═══ Exercise material

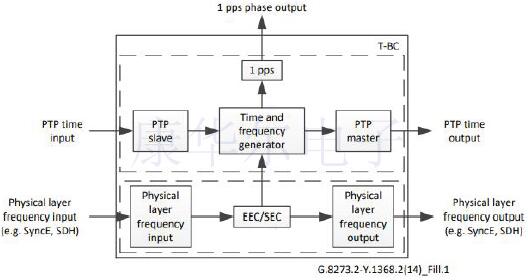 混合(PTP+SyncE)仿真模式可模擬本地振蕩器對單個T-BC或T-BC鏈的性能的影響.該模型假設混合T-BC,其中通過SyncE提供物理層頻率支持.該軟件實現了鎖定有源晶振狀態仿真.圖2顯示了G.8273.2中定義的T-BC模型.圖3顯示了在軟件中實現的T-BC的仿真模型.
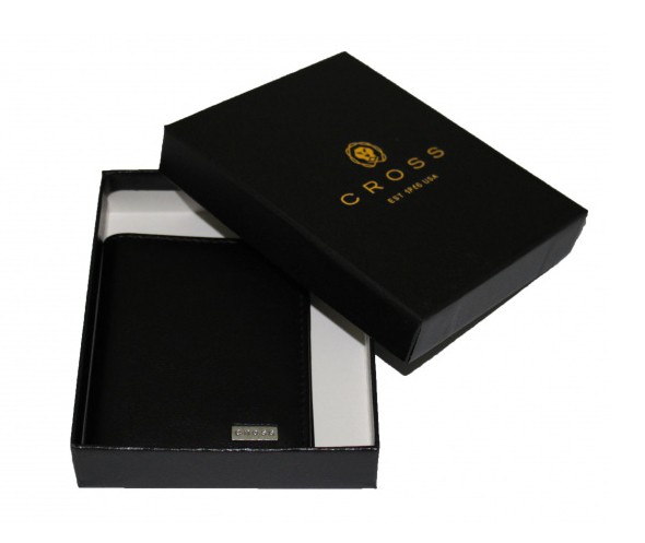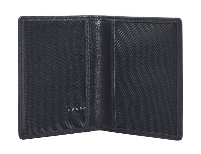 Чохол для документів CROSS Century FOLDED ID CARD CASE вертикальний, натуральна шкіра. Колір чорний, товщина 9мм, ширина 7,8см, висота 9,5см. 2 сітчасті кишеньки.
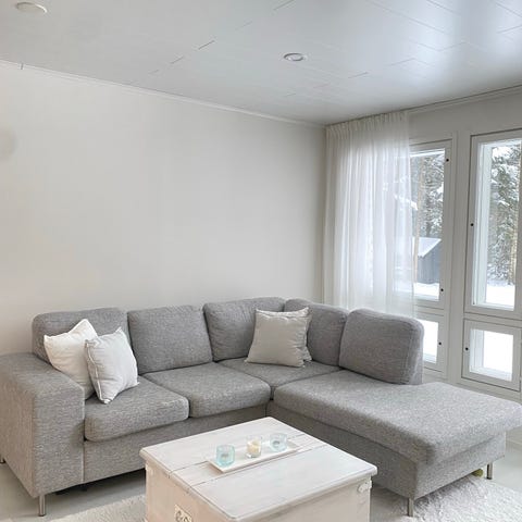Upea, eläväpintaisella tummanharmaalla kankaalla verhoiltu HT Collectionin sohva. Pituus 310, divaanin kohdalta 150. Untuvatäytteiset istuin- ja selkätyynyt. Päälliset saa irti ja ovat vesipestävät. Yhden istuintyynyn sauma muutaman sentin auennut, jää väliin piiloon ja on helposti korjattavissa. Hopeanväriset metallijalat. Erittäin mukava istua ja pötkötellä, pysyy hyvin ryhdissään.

══════
═══ Exercise material

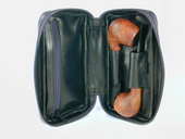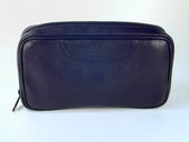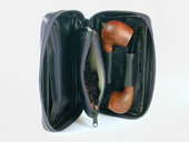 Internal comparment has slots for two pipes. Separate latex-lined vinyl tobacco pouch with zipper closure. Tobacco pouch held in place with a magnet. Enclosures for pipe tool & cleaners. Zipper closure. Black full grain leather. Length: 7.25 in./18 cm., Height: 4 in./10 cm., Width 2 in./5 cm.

══════

* _Task directions_
Using the records above, print exactly the run of lines that starts with the line with "混合(PTP+SyncE)仿" and goes on through the line with "Upea, eläväpintaisella tummanharmaalla", pictures excluded.

* _Response box_
 混合(PTP+SyncE)仿真模式可模擬本地振蕩器對單個T-BC或T-BC鏈的性能的影響.該模型假設混合T-BC,其中通過SyncE提供物理層頻率支持.該軟件實現了鎖定有源晶振狀態仿真.圖2顯示了G.8273.2中定義的T-BC模型.圖3顯示了在軟件中實現的T-BC的仿真模型.
 Чохол для документів CROSS Century FOLDED ID CARD CASE вертикальний, натуральна шкіра. Колір чорний, товщина 9мм, ширина 7,8см, висота 9,5см. 2 сітчасті кишеньки.
Upea, eläväpintaisella tummanharmaalla kankaalla verhoiltu HT Collectionin sohva. Pituus 310, divaanin kohdalta 150. Untuvatäytteiset istuin- ja selkätyynyt. Päälliset saa irti ja ovat vesipestävät. Yhden istuintyynyn sauma muutaman sentin auennut, jää väliin piiloon ja on helposti korjattavissa. Hopeanväriset metallijalat. Erittäin mukava istua ja pötkötellä, pysyy hyvin ryhdissään.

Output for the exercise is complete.